Please transcribe exactly the lines from the first line of the records below through the line containing "همانطور که هفته", including both, and omit all pictures.

(Stored items from a collection)
+++
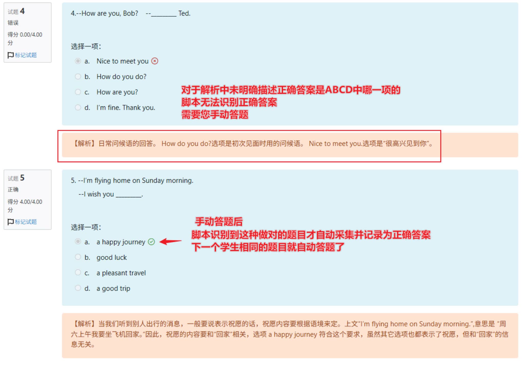 但是部分题目如果解析中没有明确说答案是什么的,脚本就无法处理,如下图所示:
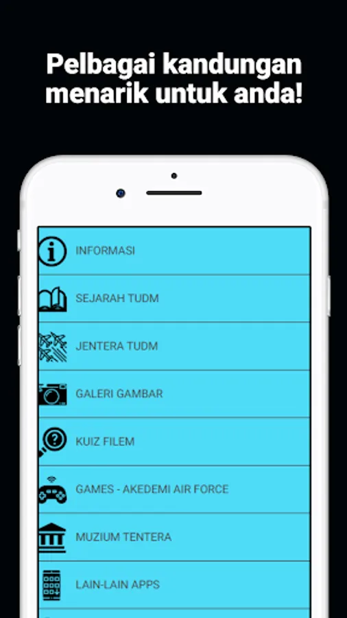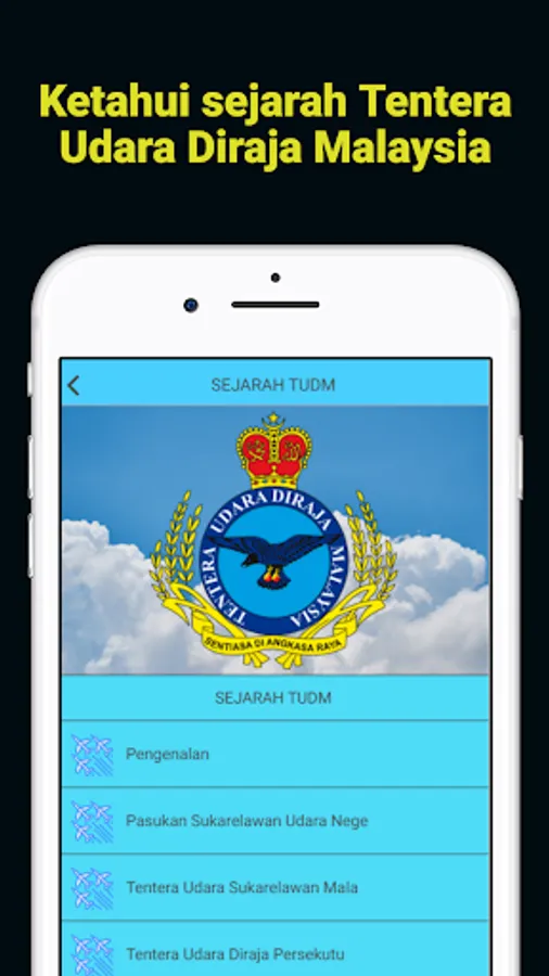 Apps ini mengandungi latar belakang tentang TUDM dan sejarahnya. Terdapat juga games untuk hiburan anda.
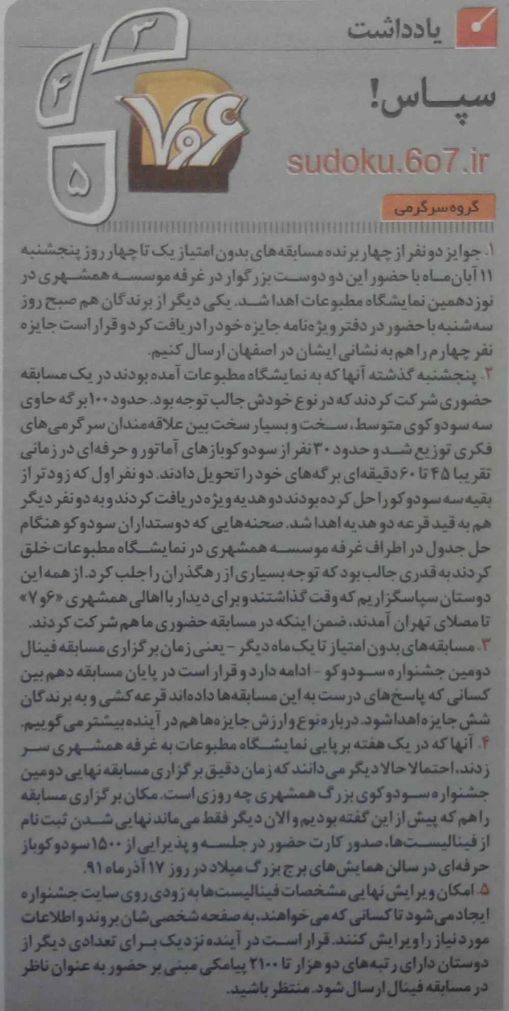 همانطور که هفته گذشته هم در این وبلاگ اطلاع رسانی شد، فینال دومین دوره جشنواره سودوکوی همشهری در تاریخ جمعه 17 آذر 1391 قرار است با حضور 1500 سودوکوباز در سالن همایش های برج میلاد برگزار گردد، خبری که این هفته در ستون اخبار ویژه نامه هم قرار گرفت تا رسمیت پیدا کنه. اتفاقی که باعث شده من هم روزشما برگزاری فینال سودوکو را در گوشه سمت راست وبلاگ قرار دهم، تا هر وقت و هر لحظه ای که به وبلاگ سودوکو وارد می شوید، از زمان برگزاری فینال غافل نشوید!!
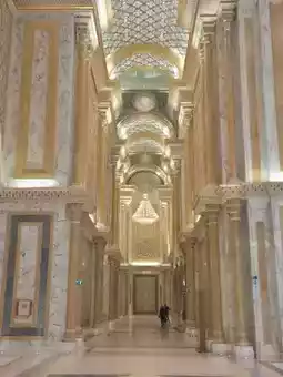 Qasr Al Watan, used as the Presidential Palace of Abu Dhabi, is more than just an administrative space—it’s a masterpiece and a cultural symbol in itself. Seen from afar, the palace is built with dazzling white marble that glimmers under the sunlight, adorned with golden accents that exude a majestic and grand aura.
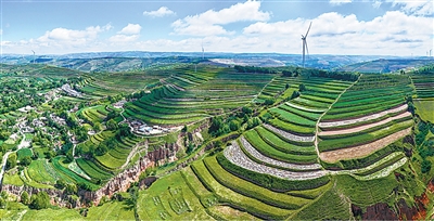 持续改善环境质量 在甘肃定西通渭县马营镇,经过系统治理,黄土高原上的层层梯田风景如画。 周修建摄(影像中国) |
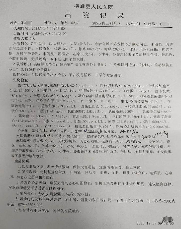 中医诊断:头痛(气滞血瘀)
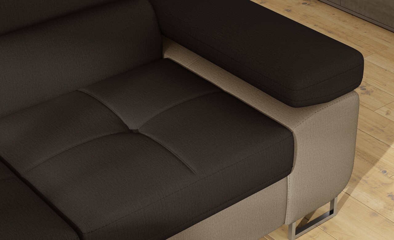 Pentru un confort maxim, coltarul Anton este dotat cu tetiere inalte si reglabile, brate late de 28 cm si picioare metalice elegante, cu o inaltime de 9 cm, asigurand astfel un design modern si stabilitate optima.
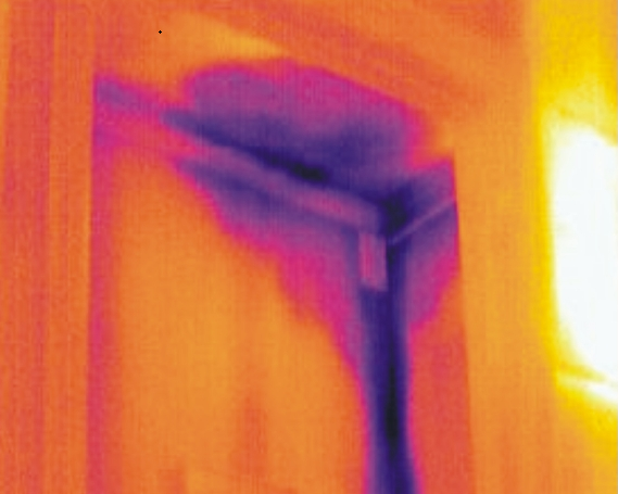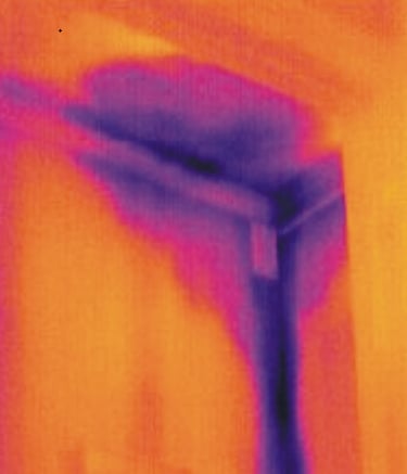 Thermal scan detecting hidden moisture behind the wall and door The cooler purple/blue patch reveals trapped water that could lead to thousands in rot, mold, or structural repairs if missed. Caught non-invasively with infrared during a pre-purchase inspection — peace of mind that saves real money.
+++
[SOLUTION TO THIS EXERCISE]
 但是部分题目如果解析中没有明确说答案是什么的,脚本就无法处理,如下图所示:
 Apps ini mengandungi latar belakang tentang TUDM dan sejarahnya. Terdapat juga games untuk hiburan anda.
 همانطور که هفته گذشته هم در این وبلاگ اطلاع رسانی شد، فینال دومین دوره جشنواره سودوکوی همشهری در تاریخ جمعه 17 آذر 1391 قرار است با حضور 1500 سودوکوباز در سالن همایش های برج میلاد برگزار گردد، خبری که این هفته در ستون اخبار ویژه نامه هم قرار گرفت تا رسمیت پیدا کنه. اتفاقی که باعث شده من هم روزشما برگزاری فینال سودوکو را در گوشه سمت راست وبلاگ قرار دهم، تا هر وقت و هر لحظه ای که به وبلاگ سودوکو وارد می شوید، از زمان برگزاری فینال غافل نشوید!!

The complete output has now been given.